このため、本法律案においては、法律で詳細かつ全国一律に漁業権免許の優先順位を定める仕組みを改め、漁場を適切かつ有効に利用している漁業者や漁協については優先して免許する仕組みとするとともに、利用の程度が低くなっている漁場については、地域の実情に即して水産業の発展に寄与する者に免許することとしております。
こうした改正は、現に地域の水産業を支えている漁業者の経営の発展に向けたインセンティブとなるとともに、地域の活性化につながるものと考えております。
漁業の免許における、適切かつ有効の判断基準とその運用についてのお尋ねがありました。
適切かつ有効に活用している場合とは、漁場の環境に適合するように資源管理や養殖生産を行い、将来にわたり持続的に漁業生産力を高めるように漁場を活用している状況と考えております。
具体的には、個々の事案ごとに、地域の漁業に精通する都道府県が実態に即して判断することとなりますが、都道府県によって判断の基準が大きく異なることがないようにする観点から、国が技術的助言を定め、適切かつ有効の考え方を示していく考え方です。

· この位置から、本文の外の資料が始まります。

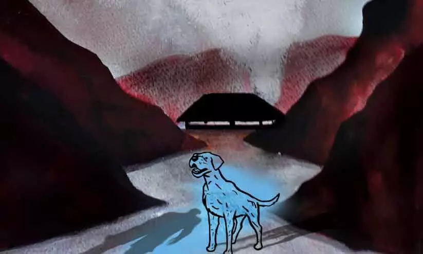 യജമാനവേഷത്തിൽ തുടരുന്ന എന്നെ ചുറ്റിനും കൂടിയിരിക്കുന്നതെല്ലാം ചേർന്ന് വെറുമൊരു വനാന്തരത്തിലെ കുട്ടിയാക്കി മാറ്റി. ഗോപുവിന്റെ സ്ഥിതി പക്ഷേ, മറിച്ചായിരുന്നു. അതിർത്തി മറികടന്നതോടെ, പതുങ്ങിക്കിടന്ന ധൈര്യം അവനിൽനിന്ന് പരിപൂർണമായി പുറത്തുചാടുകയാണുണ്ടായത്. ഇരുട്ടുവീണതോടെ ശരീരമൊന്ന് കുടഞ്ഞ്, മൂക്കു ചീറ്റി, ഗോപു ശരിക്കും ഉഷാറായി. ആ ഒഴിഞ്ഞ കെട്ടിടം കണ്ടെത്തിയത് അവനാണ്. മലഞ്ചെരിവിൽ, മരക്കൂടിനിടയിൽ അതങ്ങനെ പതുങ്ങിനിൽക്കുകയായിരുന്നു. എങ്ങനെയാണ് അവനത് കണ്ടെത്താനായത്! ദൂരെനിന്ന് മണം കിട്ടിയിരിക്കാം. അപൂർവം ചിലപ്പോഴാണെങ്കിൽപോലും, ഇങ്ങനെ ചരിത്രം മണത്തുപിടിക്കാൻ നായ്ക്കൾക്കാവും.

また、免許付与のプロセスにおいては、都道府県知事は海区漁業調整委員会の意見を聞くこととしており、知事が恣意的に運用できない仕組みとしております。
漁獲量の把握についてもお尋ねがありました。
ITの飛躍的発展により、低コストで漁獲量や漁業状況を把握することは技術的に可能となりつつあります。
このため、漁獲量の把握体制等の準備が整った漁業種類、漁業区域等の管理区分から順次漁獲割当て方式を導入してまいりたいと考えております。
沿岸漁業者の意見を反映する仕組みについてお尋ねがありました。
漁獲可能量の配分については、水産政策審議会での諮問やパブリックコメントにより沿岸漁業者の意見を反映できる仕組みとなっており、これらの手続を丁寧に進めてまいりたいと考えております。
浜の自主的な資源管理への支援についてお尋ねがありました。
現在、漁業者の皆様には、資源管理計画を作成し、自主的な資源管理に取り組んでいただいております。
今後とも、これらの取組の重要性は変わらないと考えており、このような取組の高度化に対する支援を継続してまいります。
資源管理措置導入の順序についてお尋ねがありました。
漁獲割当てを導入するためには、船舶ごとの漁獲量を迅速に把握する体制が整えられていることなどが必要と考えており、操業の隻数が比較的少なく、水揚げ港も限定されている大臣許可漁業から先行して導入していくことになると考えています。
禁漁時の補償についてもお尋ねがありました。
法案では、漁業調整の円滑な実施を確保するため、水産資源の状況及び当該水産資源の採捕の状況に照らし、当該水産資源の採捕に使用される船舶の数又は操業日数の削減その他の漁業者による漁獲努力量の調整を図るために必要な措置を講ずるものとすると規定されています。
クロマグロの資源管理についてお尋ねがありました。
クロマグロの第四管理期間における漁獲可能量の配分に当たっては、漁業者の意見を聞く時間が十分でなかったことを反省し、水産政策審議会資源管理分科会のもとにくろまぐろ部会を設置し、多くの漁業者からの意見を聞いて、配分の考え方について議論を行ったところです。
クロマグロ以外の魚種の管理においても、クロマグロの経験を踏まえ、漁業者の意見を十分に聞きながら、適切な対応を進めてまいります。
漁船のトン数規制の撤廃についてお尋ねがありました。
本件は、漁獲割当てが導入され、漁獲割当てにより採捕する数量が一定割合を超えている場合、船舶のトン数制限等の措置を定めないとしたものであります。
したがって、御指摘のような、船を先に大型化し、これに見合う漁獲割当てを認めるという制度ではありません。
海区漁業調整委員会及び目的規定についてお尋ねがありました。
海区漁業調整委員会については、漁業者を主体とする組織の性格や機能を維持した上で、実態に即した選任方法に改めるものであり、漁業者の声を封じるようなものではありません。
また、目的規定については、漁業法の制定から約七十年の間の運用によって、当時の課題であった封建的な漁業慣行は解消され、当初の目的である民主的な漁場の利用形態の構築は既に実現されております。